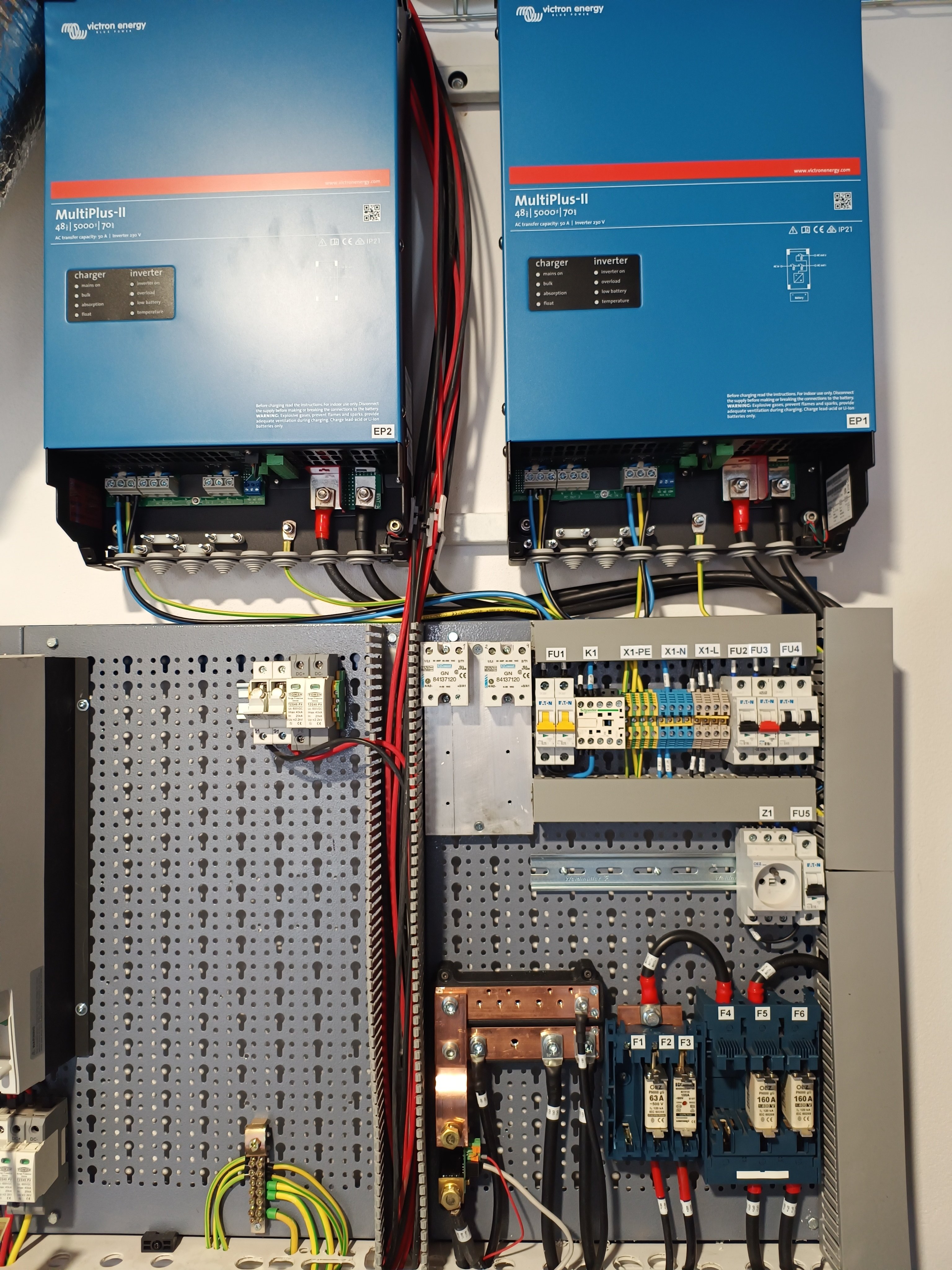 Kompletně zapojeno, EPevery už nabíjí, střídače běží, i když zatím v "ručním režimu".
━━━━━━
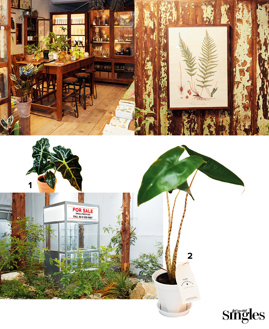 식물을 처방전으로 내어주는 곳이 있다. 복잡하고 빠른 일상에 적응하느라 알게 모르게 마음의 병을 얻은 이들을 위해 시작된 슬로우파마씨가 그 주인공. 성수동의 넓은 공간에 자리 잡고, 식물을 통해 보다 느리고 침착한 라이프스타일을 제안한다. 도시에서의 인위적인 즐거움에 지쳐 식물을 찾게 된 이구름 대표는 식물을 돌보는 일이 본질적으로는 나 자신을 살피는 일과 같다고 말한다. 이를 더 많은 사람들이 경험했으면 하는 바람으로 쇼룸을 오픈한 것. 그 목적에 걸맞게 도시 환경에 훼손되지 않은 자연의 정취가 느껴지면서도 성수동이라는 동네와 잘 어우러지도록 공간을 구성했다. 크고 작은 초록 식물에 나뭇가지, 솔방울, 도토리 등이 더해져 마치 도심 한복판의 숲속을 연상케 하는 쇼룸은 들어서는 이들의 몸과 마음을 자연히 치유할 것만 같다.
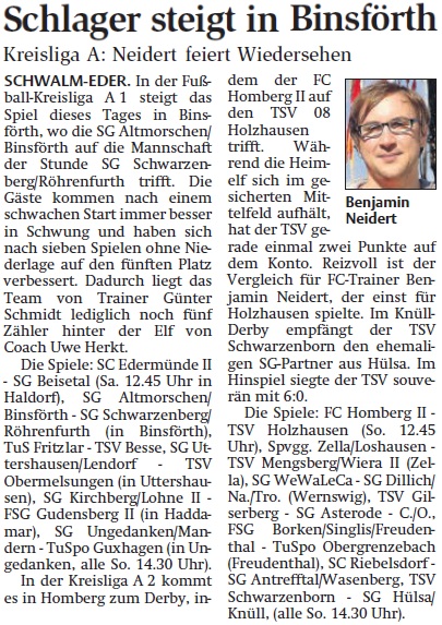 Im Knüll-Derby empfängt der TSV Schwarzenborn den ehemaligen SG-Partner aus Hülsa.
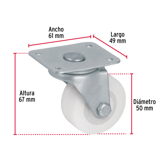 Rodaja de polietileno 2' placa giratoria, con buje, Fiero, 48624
━━━━━━
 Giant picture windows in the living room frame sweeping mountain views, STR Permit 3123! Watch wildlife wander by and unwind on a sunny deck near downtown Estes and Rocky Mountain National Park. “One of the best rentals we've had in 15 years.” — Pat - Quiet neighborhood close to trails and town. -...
━━━━━━
Everything above from the line containing "식물을 처방전으로 내어주는" through the line containing "Im Knüll-Derby empfängt" must be repeated exactly, and the pictures must be left out.

 식물을 처방전으로 내어주는 곳이 있다. 복잡하고 빠른 일상에 적응하느라 알게 모르게 마음의 병을 얻은 이들을 위해 시작된 슬로우파마씨가 그 주인공. 성수동의 넓은 공간에 자리 잡고, 식물을 통해 보다 느리고 침착한 라이프스타일을 제안한다. 도시에서의 인위적인 즐거움에 지쳐 식물을 찾게 된 이구름 대표는 식물을 돌보는 일이 본질적으로는 나 자신을 살피는 일과 같다고 말한다. 이를 더 많은 사람들이 경험했으면 하는 바람으로 쇼룸을 오픈한 것. 그 목적에 걸맞게 도시 환경에 훼손되지 않은 자연의 정취가 느껴지면서도 성수동이라는 동네와 잘 어우러지도록 공간을 구성했다. 크고 작은 초록 식물에 나뭇가지, 솔방울, 도토리 등이 더해져 마치 도심 한복판의 숲속을 연상케 하는 쇼룸은 들어서는 이들의 몸과 마음을 자연히 치유할 것만 같다.
 Im Knüll-Derby empfängt der TSV Schwarzenborn den ehemaligen SG-Partner aus Hülsa.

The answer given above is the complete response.